[EXERCISE DIRECTIONS]: The full text of the records below, minus any pictures, should be given back word for word.

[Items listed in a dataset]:
*** Begin section ***
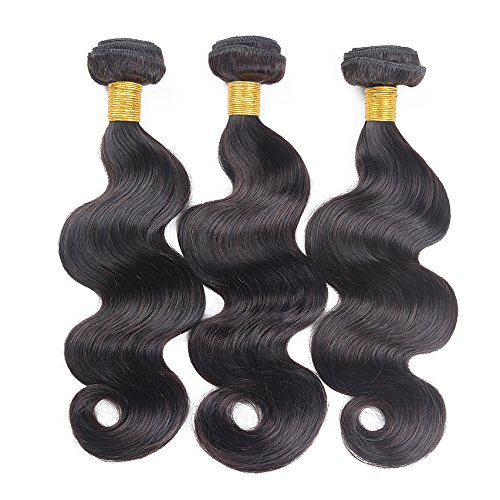 3 ciocche di capelli umani brasiliani ondulati, 10 A, con chiusura, non trattate, ondulate, colore naturale
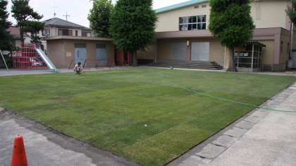こうして、昼前には体育館前の校庭が芝生になりました。あっという間にできあがったのでびっくり!気持ちのよい空間ができあがりました。しかし、これはあくまでもお試し期間限定で2月までの設置となり、この間に子どもたちのようすや芝の状態を観察し、今後本格的に導入するかどうか検討することになります。また、芝が落ち着くまでしばらくの間立ち入り禁止になります。2学期開始早々には、芝生の使い方を子どもたちに伝えて、使えるようにします。楽しみ待っていてくださいね。
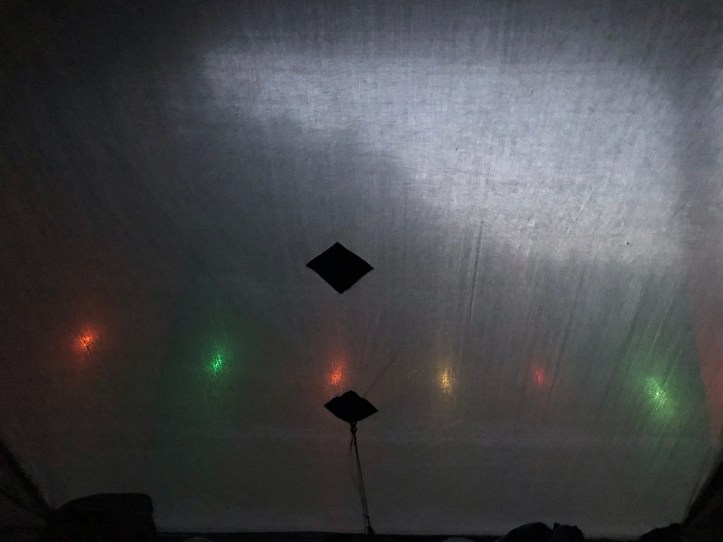 After dinner, I begrudgingly took a shower at Oakland’s urging. Then we had a FaceTime call before she headed off to give a fancy science dinner to a group of parents from her school. I’m finishing this to the sound of the creek, someone clanging silverware down at a cabin barbecue, and an airplane passing overhead. Hopefully Sara was right about the lack of bears because I have my toiletry bag and food bowl in my tent. Chances are high that I will actually be too paranoid to leave them here and will stow them in the house with my food bag. My left eye continues to tear up. Fingers crossed for a decent night of sleep in my new abode, through which I can see this cheerful string of lights that hopefully don’t keep me awake.
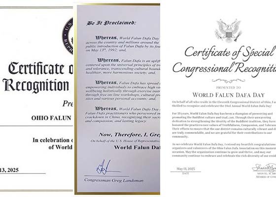 5月13日是第26届“世界法轮大法日”,俄亥俄州三个选区的联邦众议员大卫·P·乔伊斯,格雷格‧兰兹曼和肖妮尔·M·布朗褒奖法轮大法。
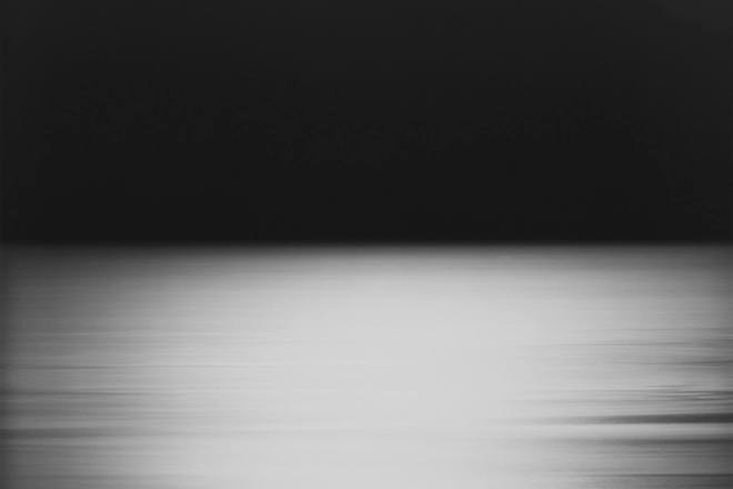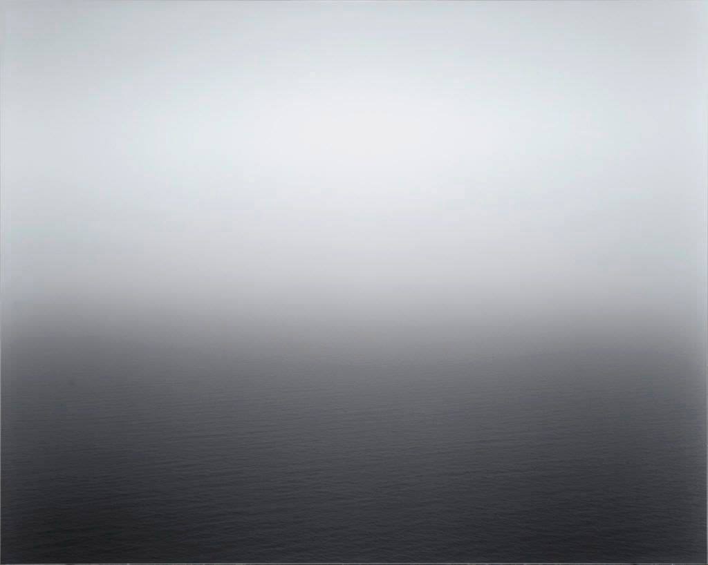 El tercer, e igualmente asombroso trabajo, es “Seascapes” (1980). En él, Sugimoto hace alarde del minimalismo que caracteriza gran parte de su obra para mostrarnos la capacidad que tiene la imagen fotográfica de sugestionar y engañar nuestros sentidos. Colocando la cámara un poco por encima del nivel de visión que tendría una persona desde la orilla del mar, y jugando con exposiciones ligeramente lentas, el fotógrafo japonés logra producir la sensación de vértigo frente a algo estático. Resulta difícil entender este concepto si no se está de pie frente a una de esas fotografías de gran formato. Cuando se tiene esa oportunidad uno experimenta la sensación de caer dentro de la foto, de que nuestro centro de gravedad se inclina hacia ese horizonte marino perfectamente equilibrado. En “Seascapes” Sugimoto extrapola lo efímero y lo atemporal fuera del marco fotográfico para inmiscuir al espectador en la ilusión. Sabemos que ese mar está inmóvil, o mejor dicho nuestra razón lo sabe, más nuestros sentidos prefieren dejarse seducir por el engaño y nos sobreviene la placidez de lo infinito. La luz brumosa de esos mares nos embriaga y nos desplaza de nuestro centro al centro de gravedad de la imagen. El espacio entre el mar y el entorno que nos circunda se vuelve uno y entonces participamos del tiempo de la fotografía; ese tiempo no se mueve, somos nosotros quienes lo hacemos al contemplarlo.
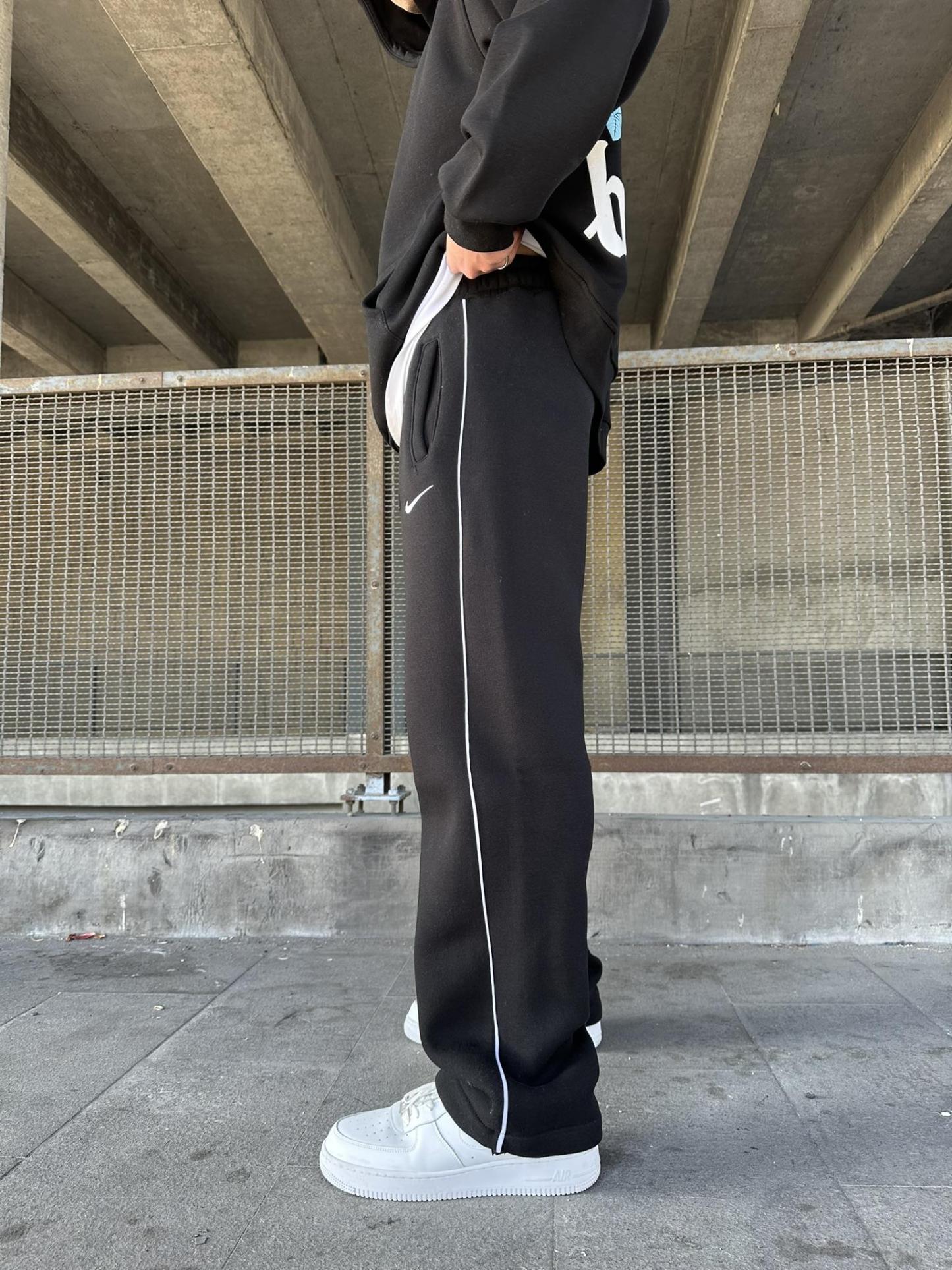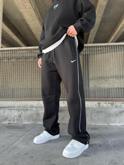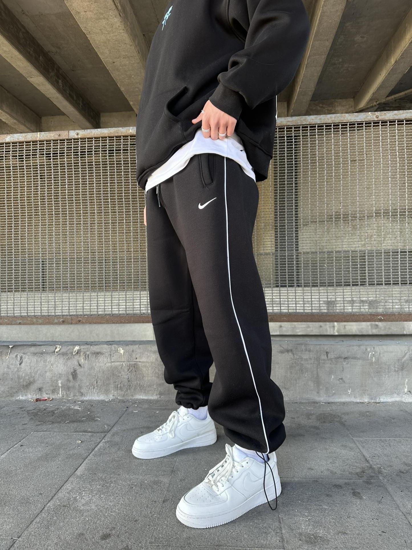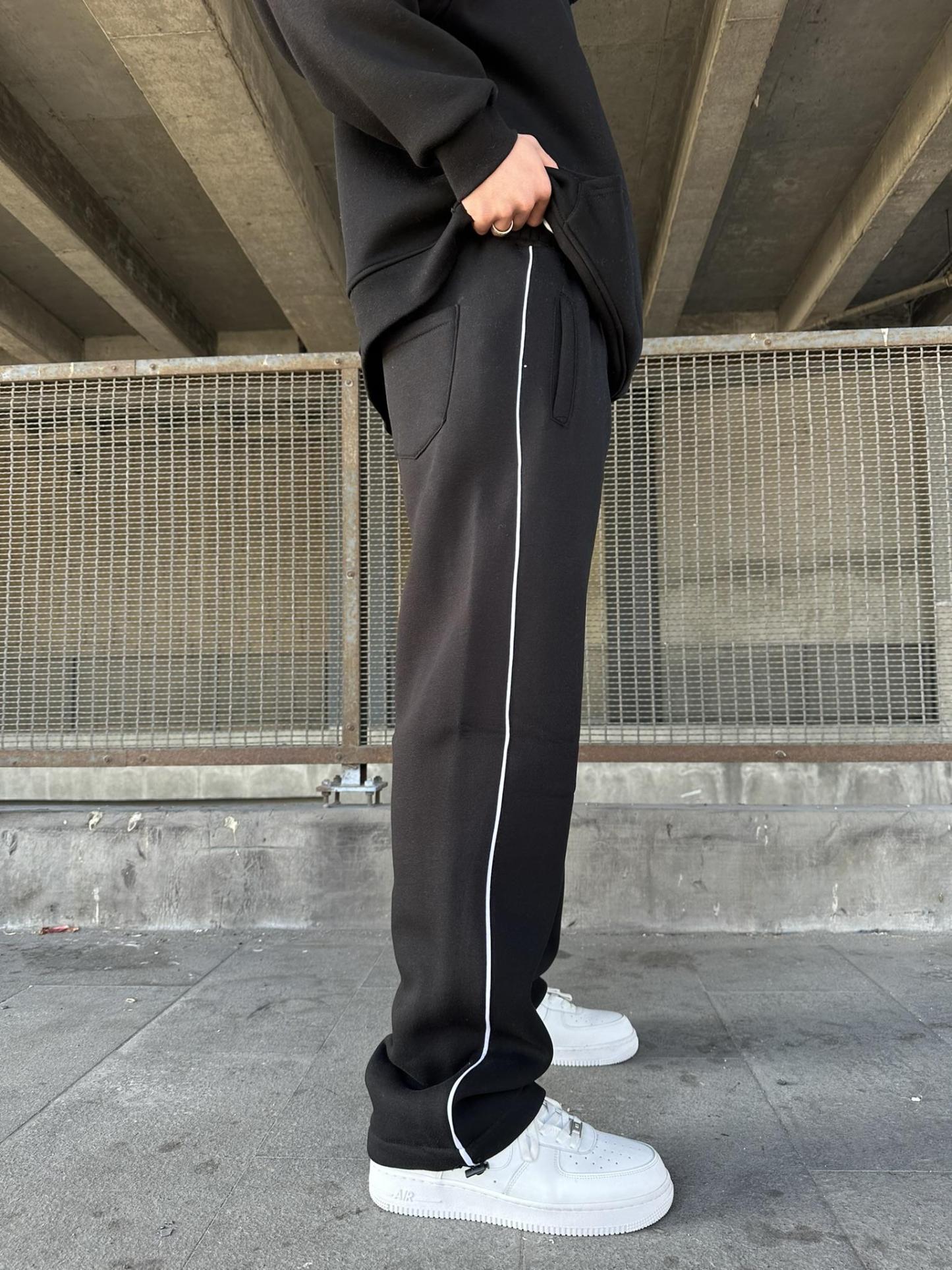 Loose-Fit Sweatpants with Embroidered Stripes and Elastic Drawstring Cuffs
*** End section ***
[ANSWER FOR THE TASK]:
 3 ciocche di capelli umani brasiliani ondulati, 10 A, con chiusura, non trattate, ondulate, colore naturale
こうして、昼前には体育館前の校庭が芝生になりました。あっという間にできあがったのでびっくり!気持ちのよい空間ができあがりました。しかし、これはあくまでもお試し期間限定で2月までの設置となり、この間に子どもたちのようすや芝の状態を観察し、今後本格的に導入するかどうか検討することになります。また、芝が落ち着くまでしばらくの間立ち入り禁止になります。2学期開始早々には、芝生の使い方を子どもたちに伝えて、使えるようにします。楽しみ待っていてくださいね。
 After dinner, I begrudgingly took a shower at Oakland’s urging. Then we had a FaceTime call before she headed off to give a fancy science dinner to a group of parents from her school. I’m finishing this to the sound of the creek, someone clanging silverware down at a cabin barbecue, and an airplane passing overhead. Hopefully Sara was right about the lack of bears because I have my toiletry bag and food bowl in my tent. Chances are high that I will actually be too paranoid to leave them here and will stow them in the house with my food bag. My left eye continues to tear up. Fingers crossed for a decent night of sleep in my new abode, through which I can see this cheerful string of lights that hopefully don’t keep me awake.
 5月13日是第26届“世界法轮大法日”,俄亥俄州三个选区的联邦众议员大卫·P·乔伊斯,格雷格‧兰兹曼和肖妮尔·M·布朗褒奖法轮大法。
 El tercer, e igualmente asombroso trabajo, es “Seascapes” (1980). En él, Sugimoto hace alarde del minimalismo que caracteriza gran parte de su obra para mostrarnos la capacidad que tiene la imagen fotográfica de sugestionar y engañar nuestros sentidos. Colocando la cámara un poco por encima del nivel de visión que tendría una persona desde la orilla del mar, y jugando con exposiciones ligeramente lentas, el fotógrafo japonés logra producir la sensación de vértigo frente a algo estático. Resulta difícil entender este concepto si no se está de pie frente a una de esas fotografías de gran formato. Cuando se tiene esa oportunidad uno experimenta la sensación de caer dentro de la foto, de que nuestro centro de gravedad se inclina hacia ese horizonte marino perfectamente equilibrado. En “Seascapes” Sugimoto extrapola lo efímero y lo atemporal fuera del marco fotográfico para inmiscuir al espectador en la ilusión. Sabemos que ese mar está inmóvil, o mejor dicho nuestra razón lo sabe, más nuestros sentidos prefieren dejarse seducir por el engaño y nos sobreviene la placidez de lo infinito. La luz brumosa de esos mares nos embriaga y nos desplaza de nuestro centro al centro de gravedad de la imagen. El espacio entre el mar y el entorno que nos circunda se vuelve uno y entonces participamos del tiempo de la fotografía; ese tiempo no se mueve, somos nosotros quienes lo hacemos al contemplarlo.
 Loose-Fit Sweatpants with Embroidered Stripes and Elastic Drawstring Cuffs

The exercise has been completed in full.